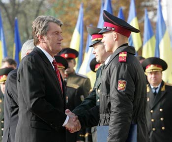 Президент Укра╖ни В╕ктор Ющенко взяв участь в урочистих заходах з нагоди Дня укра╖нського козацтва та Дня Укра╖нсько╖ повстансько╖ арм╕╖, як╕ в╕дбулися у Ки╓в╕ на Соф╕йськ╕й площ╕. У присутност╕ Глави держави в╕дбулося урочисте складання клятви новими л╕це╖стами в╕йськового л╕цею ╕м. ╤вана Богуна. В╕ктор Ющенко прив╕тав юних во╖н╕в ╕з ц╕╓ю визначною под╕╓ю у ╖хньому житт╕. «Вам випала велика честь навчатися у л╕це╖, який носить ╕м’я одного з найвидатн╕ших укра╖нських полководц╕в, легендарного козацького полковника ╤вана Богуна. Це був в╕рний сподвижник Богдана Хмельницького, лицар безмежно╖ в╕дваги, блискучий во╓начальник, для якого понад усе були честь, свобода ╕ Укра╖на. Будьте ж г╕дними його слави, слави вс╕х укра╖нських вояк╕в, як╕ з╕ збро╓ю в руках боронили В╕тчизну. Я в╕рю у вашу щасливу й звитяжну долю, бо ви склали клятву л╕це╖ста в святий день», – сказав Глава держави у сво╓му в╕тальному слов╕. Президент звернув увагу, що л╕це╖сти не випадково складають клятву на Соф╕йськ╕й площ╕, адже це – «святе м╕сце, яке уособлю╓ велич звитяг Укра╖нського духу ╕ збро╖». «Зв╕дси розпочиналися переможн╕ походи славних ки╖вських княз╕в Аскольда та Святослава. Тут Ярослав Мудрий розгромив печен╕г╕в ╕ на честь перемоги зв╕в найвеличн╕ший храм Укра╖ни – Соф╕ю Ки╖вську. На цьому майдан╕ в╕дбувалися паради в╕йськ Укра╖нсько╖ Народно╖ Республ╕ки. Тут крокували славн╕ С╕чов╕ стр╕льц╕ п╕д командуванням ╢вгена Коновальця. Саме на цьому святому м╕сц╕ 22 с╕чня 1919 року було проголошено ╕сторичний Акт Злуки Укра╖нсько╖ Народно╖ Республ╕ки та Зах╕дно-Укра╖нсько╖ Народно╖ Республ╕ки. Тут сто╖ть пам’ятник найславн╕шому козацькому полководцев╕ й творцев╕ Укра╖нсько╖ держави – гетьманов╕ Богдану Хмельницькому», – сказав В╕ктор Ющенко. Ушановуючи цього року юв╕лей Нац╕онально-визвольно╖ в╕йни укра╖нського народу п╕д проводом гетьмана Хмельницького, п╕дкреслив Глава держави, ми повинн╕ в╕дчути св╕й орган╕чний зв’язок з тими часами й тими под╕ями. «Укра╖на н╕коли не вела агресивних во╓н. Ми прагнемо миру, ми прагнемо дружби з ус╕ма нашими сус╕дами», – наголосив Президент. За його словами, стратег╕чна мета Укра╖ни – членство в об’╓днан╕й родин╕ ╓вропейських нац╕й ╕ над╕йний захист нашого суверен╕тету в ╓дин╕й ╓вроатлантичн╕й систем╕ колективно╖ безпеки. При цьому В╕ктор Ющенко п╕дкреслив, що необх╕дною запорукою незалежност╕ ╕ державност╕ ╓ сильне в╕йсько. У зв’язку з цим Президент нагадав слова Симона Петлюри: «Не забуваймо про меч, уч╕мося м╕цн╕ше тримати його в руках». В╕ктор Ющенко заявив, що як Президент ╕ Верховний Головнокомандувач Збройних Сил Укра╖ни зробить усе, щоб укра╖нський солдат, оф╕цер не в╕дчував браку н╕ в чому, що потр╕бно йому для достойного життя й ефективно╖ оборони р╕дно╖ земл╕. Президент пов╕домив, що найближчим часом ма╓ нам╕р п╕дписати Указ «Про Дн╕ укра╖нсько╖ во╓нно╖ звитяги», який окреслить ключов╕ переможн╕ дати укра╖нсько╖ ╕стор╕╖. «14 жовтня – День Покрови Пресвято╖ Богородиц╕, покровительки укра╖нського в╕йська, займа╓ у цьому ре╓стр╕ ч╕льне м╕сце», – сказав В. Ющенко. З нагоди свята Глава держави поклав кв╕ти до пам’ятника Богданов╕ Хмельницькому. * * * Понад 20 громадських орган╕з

---

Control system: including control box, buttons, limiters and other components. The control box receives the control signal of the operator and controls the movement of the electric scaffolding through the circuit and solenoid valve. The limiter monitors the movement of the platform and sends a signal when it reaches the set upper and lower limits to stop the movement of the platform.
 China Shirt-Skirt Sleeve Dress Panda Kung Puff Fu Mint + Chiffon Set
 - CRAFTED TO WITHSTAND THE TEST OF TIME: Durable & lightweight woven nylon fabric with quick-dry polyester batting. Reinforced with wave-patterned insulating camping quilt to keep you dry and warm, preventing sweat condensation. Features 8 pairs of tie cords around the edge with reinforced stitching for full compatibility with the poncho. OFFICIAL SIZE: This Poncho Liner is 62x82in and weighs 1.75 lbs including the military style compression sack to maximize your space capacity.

_WHAT IS REQUIRED_:
The expected answer is an exact copy of the lines above, beginning at the line with "Control system: including" and ending at the line with "- CRAFTED TO", with both ends in.

_COMPLETED EXERCISE_:
Control system: including control box, buttons, limiters and other components. The control box receives the control signal of the operator and controls the movement of the electric scaffolding through the circuit and solenoid valve. The limiter monitors the movement of the platform and sends a signal when it reaches the set upper and lower limits to stop the movement of the platform.
 China Shirt-Skirt Sleeve Dress Panda Kung Puff Fu Mint + Chiffon Set
 - CRAFTED TO WITHSTAND THE TEST OF TIME: Durable & lightweight woven nylon fabric with quick-dry polyester batting. Reinforced with wave-patterned insulating camping quilt to keep you dry and warm, preventing sweat condensation. Features 8 pairs of tie cords around the edge with reinforced stitching for full compatibility with the poncho. OFFICIAL SIZE: This Poncho Liner is 62x82in and weighs 1.75 lbs including the military style compression sack to maximize your space capacity.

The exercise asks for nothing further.